* DATA EXTRACT:
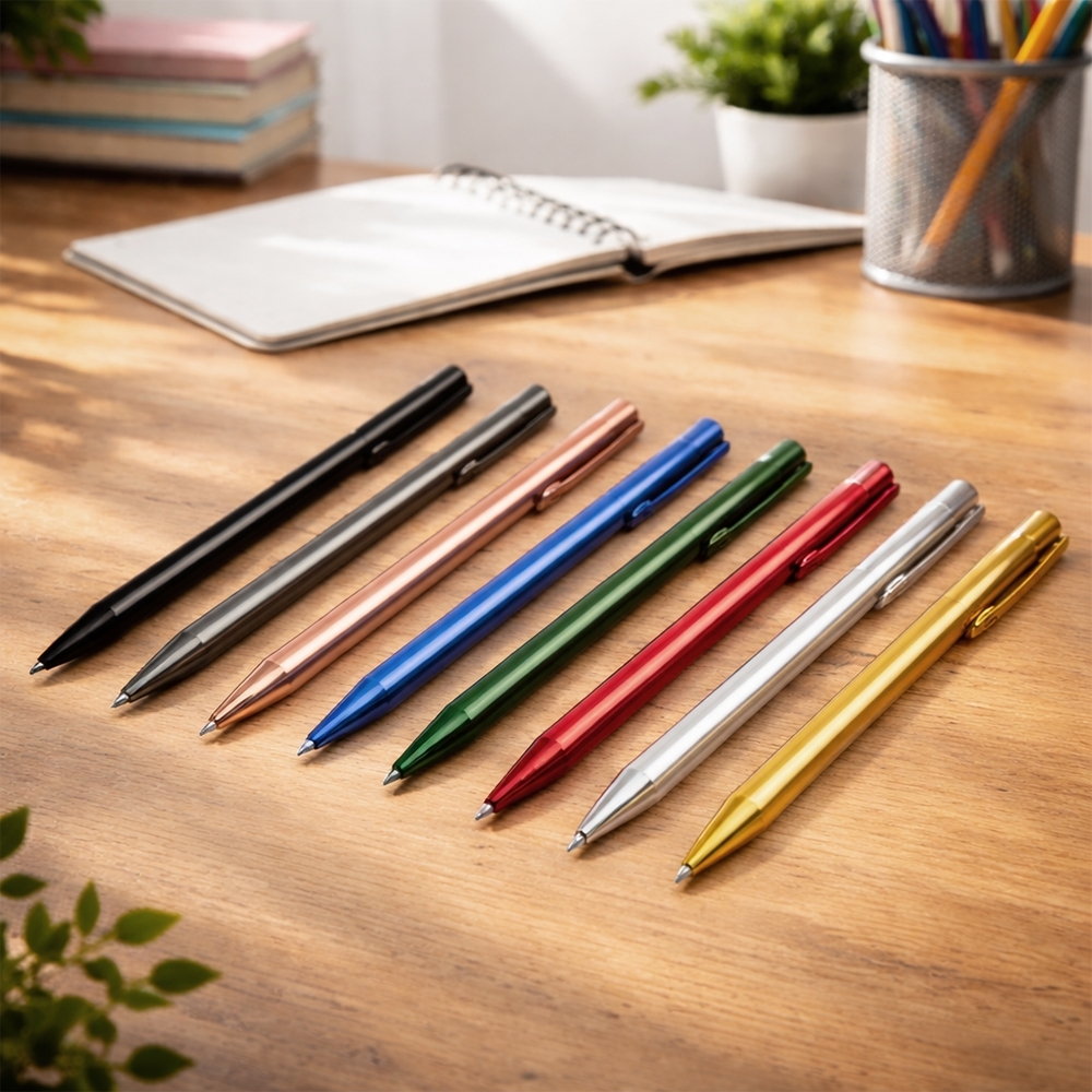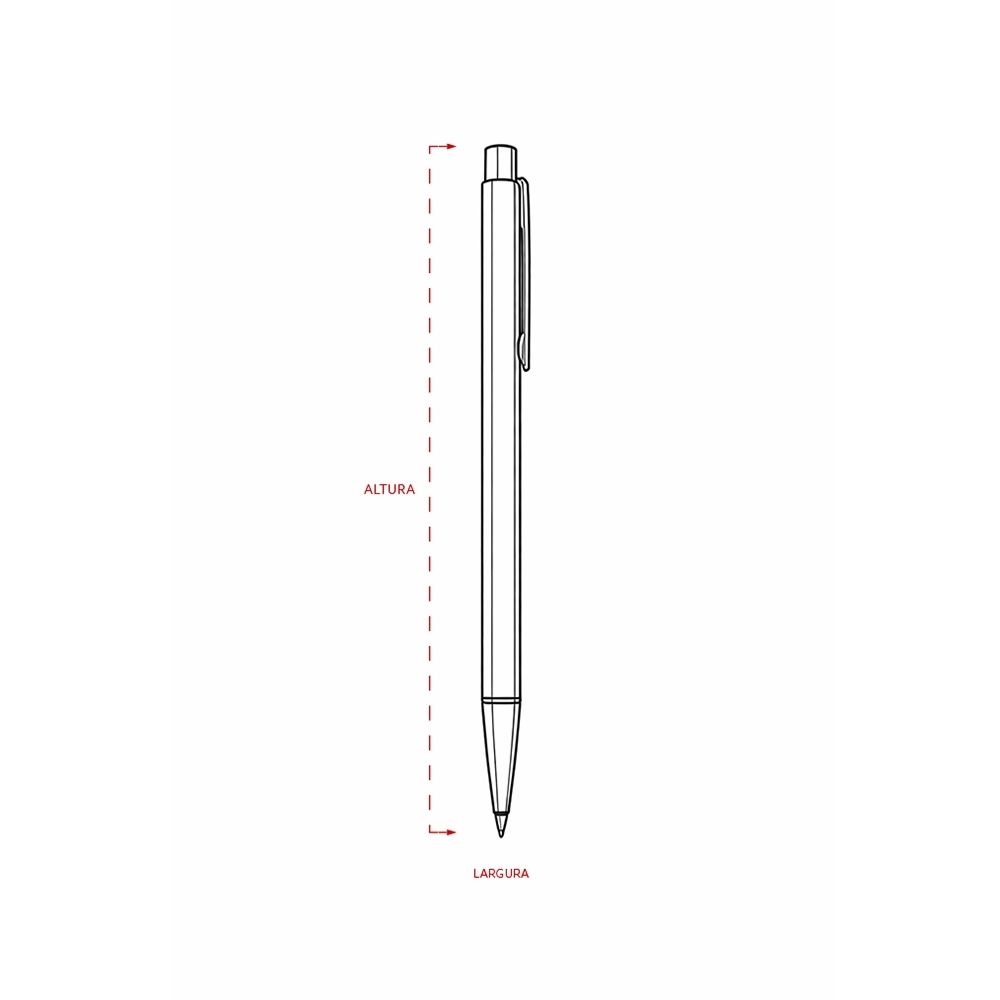 Descrição: Caneta metálica com acabamento brilhante, acionamento por clique e carga esferográfica azul de 1,0mm.
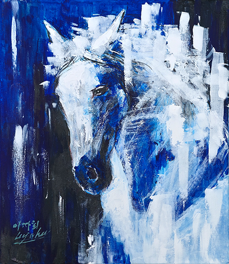 선생님의 거칠고 즉흥적인 붓질과 깊이 있는 색채는 자유롭고 스스로 길을 찾아나가는 에너지를 심어준다. 작가는 말이라는 매개체를 통해 자유로운 영혼에 공감하고, 감각적인 붓질을 통해 청사진을 그려 우연을 가장한 자기 내면에 질서를 구축하고 분출한다. 말의 형상을 빌려 생명의 근원과 성장과 발전하는 삶을 표현하며 궁극적으로 체제를 전복하는 전략을 사용한다. 자기반성적이면서도 자신의 원천을 찾아 자유롭고 성장하는 모습을 표현한다. 따라서 이자희 선생님은 병오년을 맞이하여 자아성찰과 존재의 근원을 찾아내 힘찬 도약을 하고자 한다.
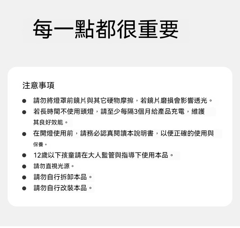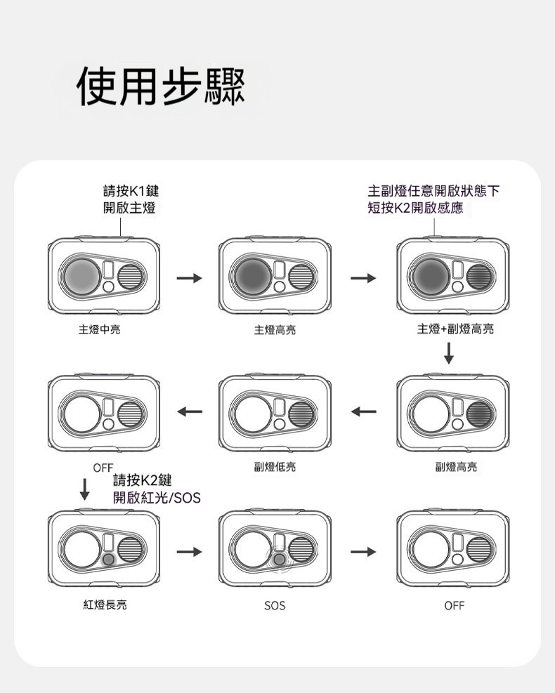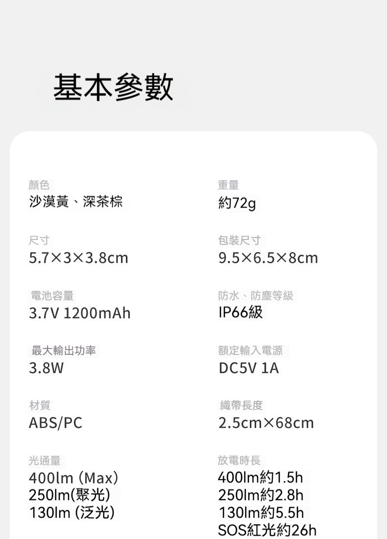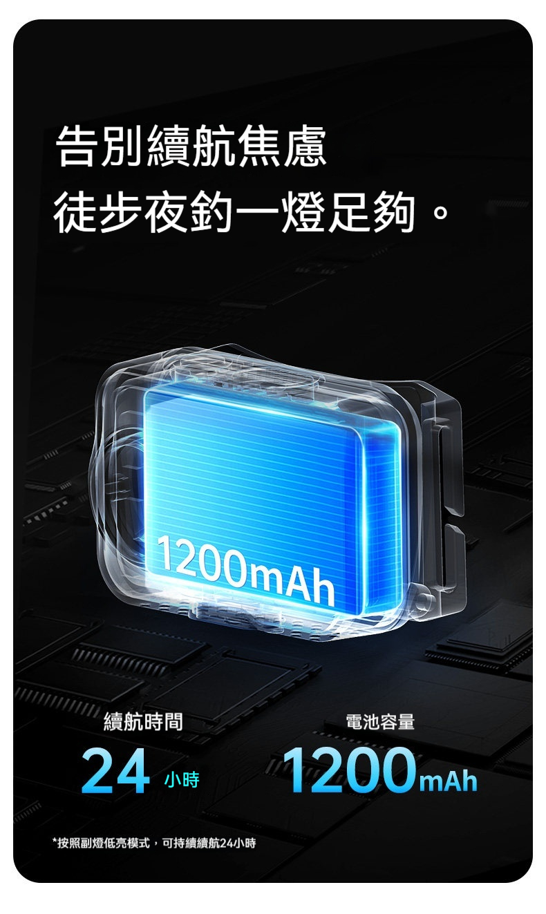 • 長效續航:1200mAh電池,副燈低亮模式可持續使用約24小時
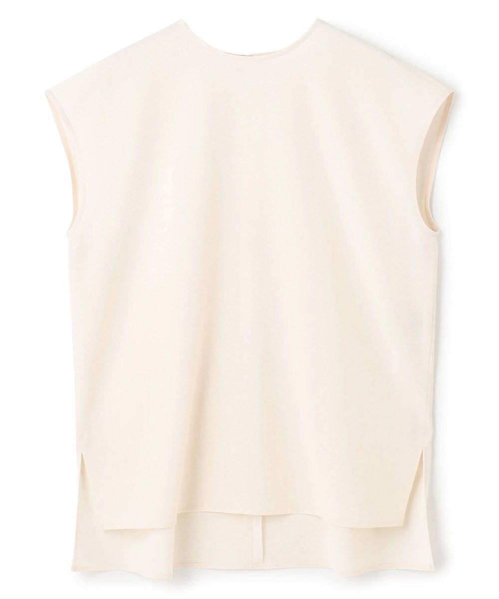ミニマルなデザインのノースリーブブラウス。サイドにスリットを深く入れ、着丈に前後差も付けているので、アウトでも前だけインでもこなれた印象になります。背中にサイドタックを入れることで、バックスタイルも抜かりなく。シワが気になりづらく、洗濯機で洗えるイージーケア素材なので、デイリーに着回ししやすくTシャツ感覚でご着用いただける一枚です。
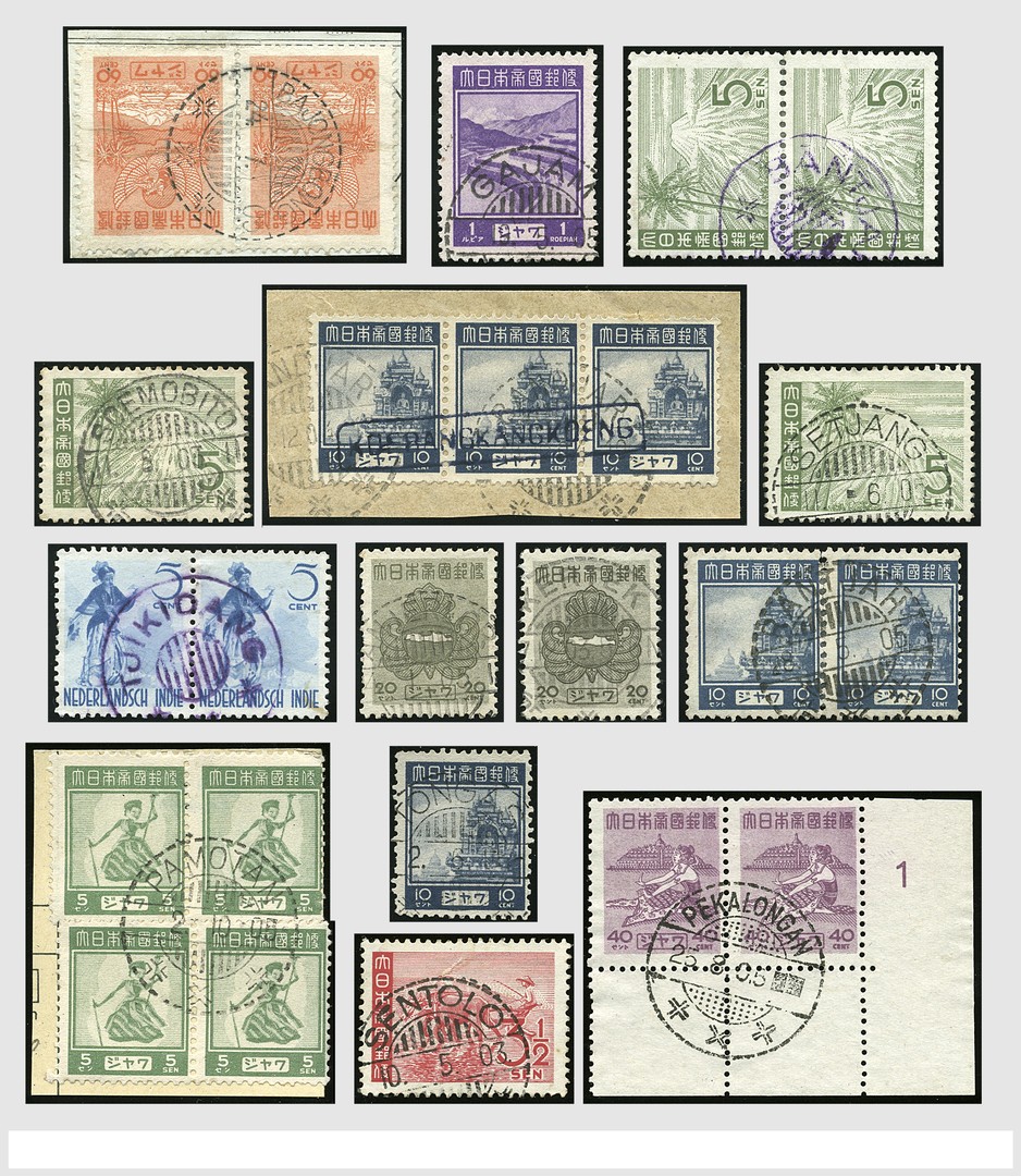 JAPANESE OCCUPATION 1942-1945, JAVA POSTMARKS, wonderful and almost complete collection of postal cancellations of Java and Madoera, on many thousands of stamps, some on piece, of several postal issues and values, with circular date cancellations in several types of post, sub-post and branch post offices, some delivery houses, propaganda and commemorative cachets, machine and roller postmarks, of course including the greatest rarities, superbly written-up in alphabetical order on album leaves, housed in 13 KaBe ring binders. We think it is the most extensive collection in this field and of exhibition stature. Ex Leo B. Vosse

* TASK STATEMENT: Transcribe exactly the line that contains "선생님의 거칠고 즉흥적인" and each line after it through the end of the listing. Leave out the pictures.

* FINISHED TASK:
 선생님의 거칠고 즉흥적인 붓질과 깊이 있는 색채는 자유롭고 스스로 길을 찾아나가는 에너지를 심어준다. 작가는 말이라는 매개체를 통해 자유로운 영혼에 공감하고, 감각적인 붓질을 통해 청사진을 그려 우연을 가장한 자기 내면에 질서를 구축하고 분출한다. 말의 형상을 빌려 생명의 근원과 성장과 발전하는 삶을 표현하며 궁극적으로 체제를 전복하는 전략을 사용한다. 자기반성적이면서도 자신의 원천을 찾아 자유롭고 성장하는 모습을 표현한다. 따라서 이자희 선생님은 병오년을 맞이하여 자아성찰과 존재의 근원을 찾아내 힘찬 도약을 하고자 한다.
 • 長效續航:1200mAh電池,副燈低亮模式可持續使用約24小時
ミニマルなデザインのノースリーブブラウス。サイドにスリットを深く入れ、着丈に前後差も付けているので、アウトでも前だけインでもこなれた印象になります。背中にサイドタックを入れることで、バックスタイルも抜かりなく。シワが気になりづらく、洗濯機で洗えるイージーケア素材なので、デイリーに着回ししやすくTシャツ感覚でご着用いただける一枚です。
 JAPANESE OCCUPATION 1942-1945, JAVA POSTMARKS, wonderful and almost complete collection of postal cancellations of Java and Madoera, on many thousands of stamps, some on piece, of several postal issues and values, with circular date cancellations in several types of post, sub-post and branch post offices, some delivery houses, propaganda and commemorative cachets, machine and roller postmarks, of course including the greatest rarities, superbly written-up in alphabetical order on album leaves, housed in 13 KaBe ring binders. We think it is the most extensive collection in this field and of exhibition stature. Ex Leo B. Vosse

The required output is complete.